Details for sizes across all activity cut-offs

Full details on all models are provided in the uniprot_information.txt files in the orthologue and no_orthologue directories

Development occurs on GitHub.

Documentation, installation and instructions are on ReadtheDocs.

• Use the ReadtheDocs! You MUST download the models before running!
• The program recognises as input line-separated SMILES in either .smi/.smiles or .sdf format
• If the SMILES input contains data additional to the SMILES string, the first entries after the SMILES are automatically interpreted as identifiers (see the OpenSMILES specification §4.5) - although there are options to change this behaviour
• Molecules are automatically standardized when running models (can be turned off)
• Do not modify the 'pkls', 'ad_data' etc. names or directories
• Files in the examples directory are included for testing as on the ReadtheDocs tutorials.
• For installation and usage instructions, see the documentation.

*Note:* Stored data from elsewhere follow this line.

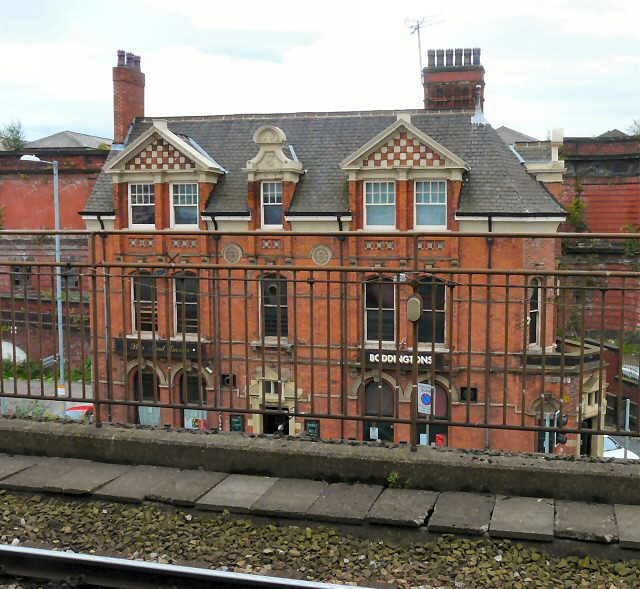 Star & Garter The Star and Garter on Fairfield Street as viewed from platform 14 of Piccadilly Station.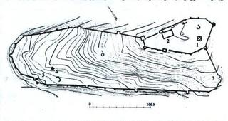 Kvetera fortress plan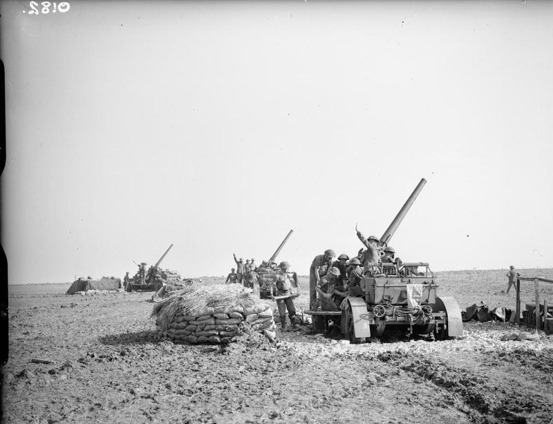 The British Army in France 1939 3-inch anti-aircraft guns of 2nd AA Battery, 1st AA Brigade, near BEF GHQ at Wanquetin, 19 October 1939.

PIDGINv4 is available under the GNU General Public License v3.0 (GPLv3).

[1]	Aniceto, N, et al. A novel applicability domain technique for mapping predictive reliability across the chemical space of a QSAR: Reliability-density neighbourhood. J. Cheminform. 8: 69 (2016).

[2]	Mervin, L H., et al. Target prediction utilising negative bioactivity data covering large chemical space. J. Cheminform. 7: 51 (2015).

[3]	(1, 2) Mervin, L H., et al. Orthologue chemical space and its influence on target prediction. Bioinformatics. 34: 72–79 (2018).

[4]	Mervin, L H., et al. Understanding Cytotoxicity and Cytostaticity in a High-Throughput Screening Collection. ACS Chem. Biol. 11: 11 (2016)

[5]	Rogers D & Hahn M. Extended-connectivity fingerprints. J. Chem. Inf. Model. 50: 742-54 (2010).